What is needed is an exact copy of every line from the one containing "예상 점수대가 705~755점이 나오더군요" through the end of the entries; please set it down without any pictures.

*** Opening Data shown ***

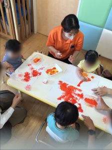 もも組さんでは秋らしい色の絵の具を使って、スタンプをしました♪
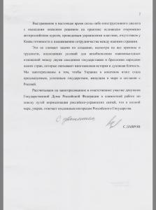 «Это не снимает задачи по созданию, несмотря на все препоны и трудности, подходящих условий для возобновления взаимовыгодных отношений между двумя соседними государствами и братскими народами наших стран, которые связывают многовековая история и духовная близость. Мы заинтересованы в том, чтобы Украина в конечном итоге стала предсказуемым успешным государством, живущим в мире и согласии с Россией», — говорится в письме.
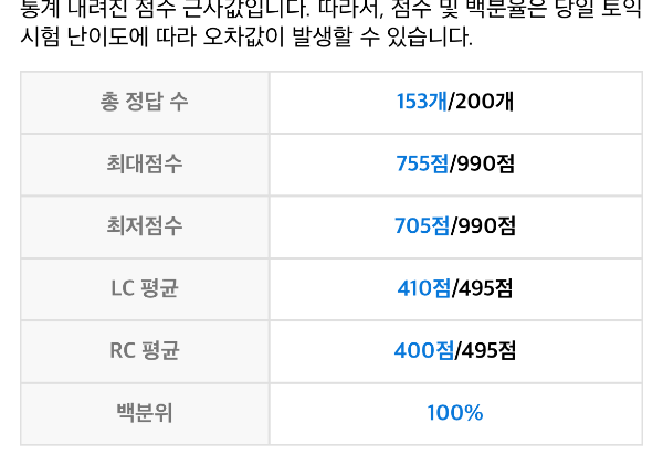 예상 점수대가 705~755점이 나오더군요
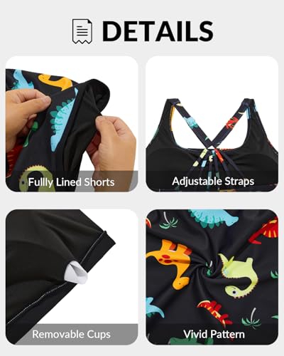 • Plus size swimsuit for women: This plus three-piece swimsuit includes a swim tank top, sports bra, and boyshort. The 3 piece swimsuit comes in a Black Dinosaur design and offers two ways to wear it: as a tankini swimsuit with a built-in padded bra or as a sports bra with boardshorts.
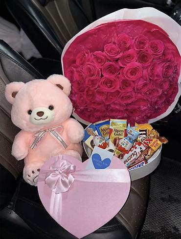 3) Розовый мишка + круглая коробка-сердце со сладостями + букет роз.

*** Closing Data shown ***

Exercise result —
 예상 점수대가 705~755점이 나오더군요
 • Plus size swimsuit for women: This plus three-piece swimsuit includes a swim tank top, sports bra, and boyshort. The 3 piece swimsuit comes in a Black Dinosaur design and offers two ways to wear it: as a tankini swimsuit with a built-in padded bra or as a sports bra with boardshorts.
 3) Розовый мишка + круглая коробка-сердце со сладостями + букет роз.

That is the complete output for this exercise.